Travelers with regular trip cancellation insurance typically have been able to get reimbursed if, after booking their trip, Ottawa issued a coronavirus-related advisory to avoid non-essential travel to their destination.
However, Manulife and TuGo will no longer offer this type of coverage. Both companies told CBC News that the coronavirus is now a “known” issue and therefore cancellation coverage no longer applies — as it’s designed for unexpected mishaps.
Travel insurance broker Martin Firestone says he believes other companies will likely follow suit, to avoid the huge costs that could arise as the coronavirus spreads globally.
“They are opening themselves up to millions of dollars of claims that they will have to pay unless they invoke this,” said Firestone, with Travel Secure in Toronto. “If this thing blows up and it becomes a pandemic, all these countries are going to get on the [no] non-essential travel list.”
We’ve identified COVID-19 (coronavirus) as a known circumstance,” said spokesperson Melissa Kaerne in an email. “That means it is no longer considered sudden and unexpected, as it is a global health issue.”
Manulife expressed a similar position in an email. The company confirmed that starting Thursday, customers who purchase travel insurance will no longer be reimbursed for coronavirus-related trip cancellations.
Manulife said that the exception to the rule would be travelers who purchase the “Cancel For Any Reason” (CFAR) option that provides coverage for any type of trip cancellation.
The CFAR option comes at an added cost and generally only covers up to 75 per cent of a cancelled trip.
No longer unexpected
As the coronavirus spreads, that list will likely grow, but neither Manulife nor TuGo will cover new customers who book trips to any destinations that get added to the government’s list.
Industry expert Will McAleer says cancellation insurance is supposed to cover sudden and unanticipated events, such as falling ill and not being able to take your trip. He said companies cutting off coronavirus cancellation coverage have likely deemed that it no longer fits in that category.

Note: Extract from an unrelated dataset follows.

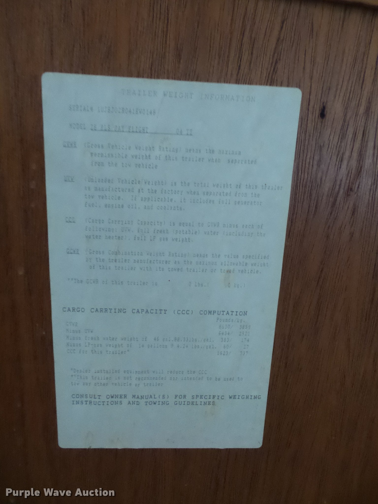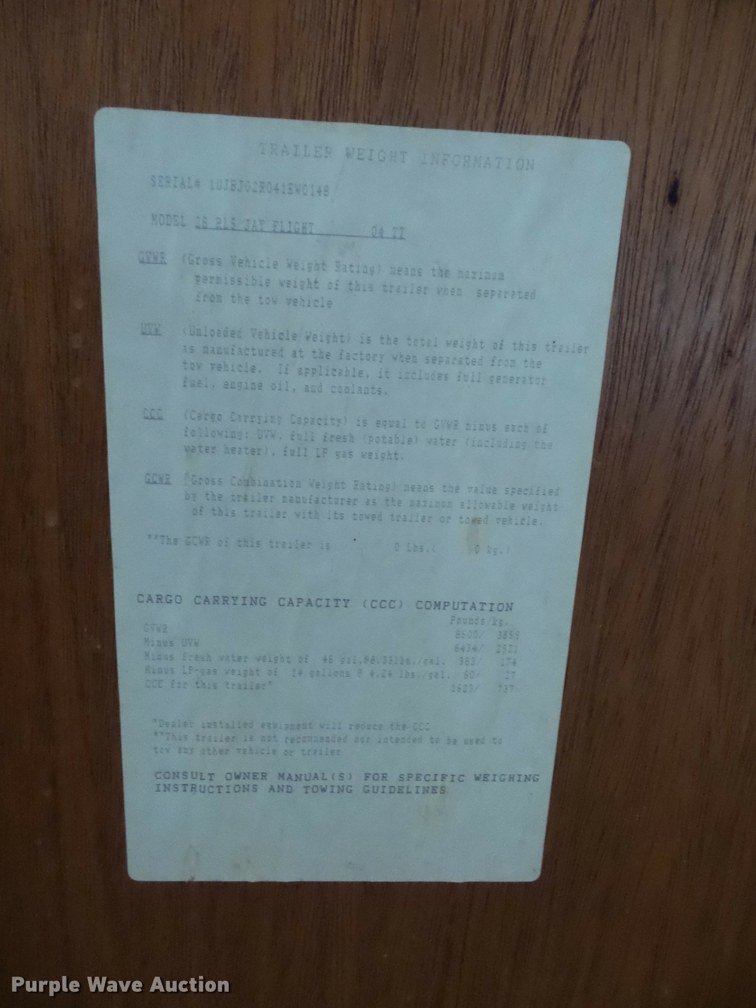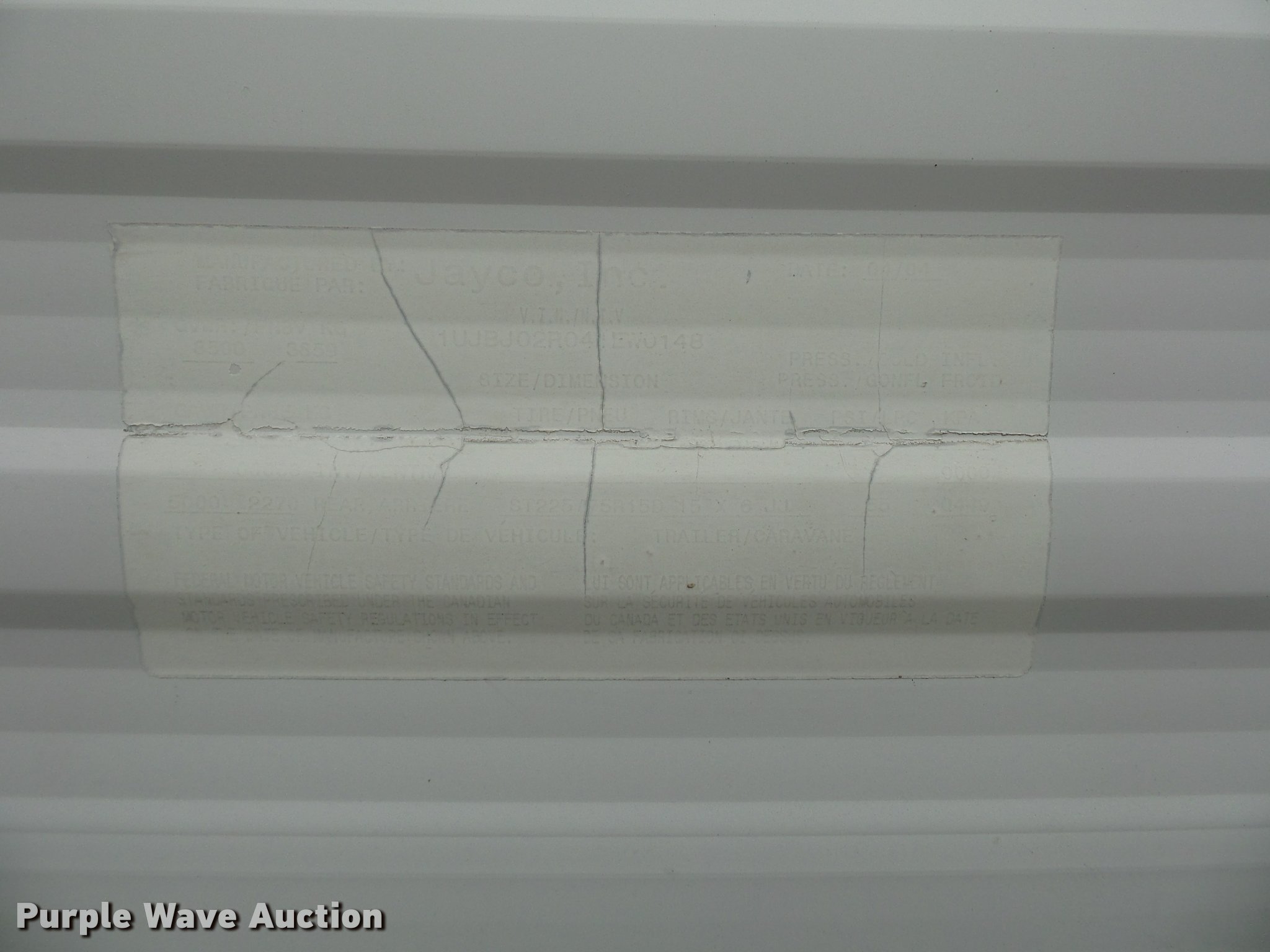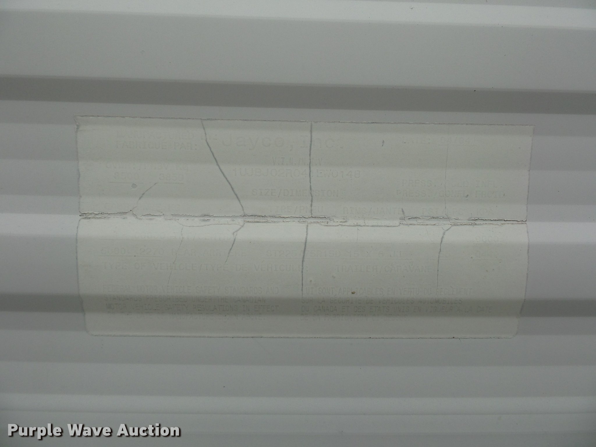 Purple Wave is selling a used RV in Missouri. This item is a 2004 Jayco Jayflight camper with the following: 27'L, Slide-out, Kitchen, Stove, Refrigerator/freezer, Sink, Microwave, Bathroom, Sink, Toilet, Shower, Awning, Manual jack, 2 5/16" ball hitch, 225/75R15 tires, GVWR 6,500 lbs

“They appear to be saying that, ‘Hey, you know about it,'” said McAleer, executive director of the Travel Health Insurance Association of Canada.
“We’ve now seen [the virus] spread from country to country and as a result, thinking that it could spread to yet another country should certainly be something that we can all expect.”
Firestone advises travelers who haven’t already purchased insurance and plan to travel during the coronavirus outbreak to start shopping around, as he anticipates other providers will also change their cancellation coverage.
“I think they’re all going to jump on the bandwagon.”
While some travellers may feel the new development is unfair, Firestone points out that travel insurance was designed to cover the odd mishap, not large numbers of travellers cancelling their trips — which could become the case with the coronavirus outbreak.
“That’s changed the odds,” he said. “Everyone’s got these sort of loss-ratios they work on and they all got thrown out the window with this.”
Meanwhile, bucking the trend, Air Canada, WestJet and Air Transat have each announced new policies that actually broaden coverage for travellers during the coronavirus outbreak. Air Canada and Air Transat passengers booking a flight between March 4 and 31 for travel over the next 12 months can now make changes at a later date, free of charge.
WestJet passengers booking flights between March 3 and 17 for travel through June 24 will also be allowed to make a flight change for free.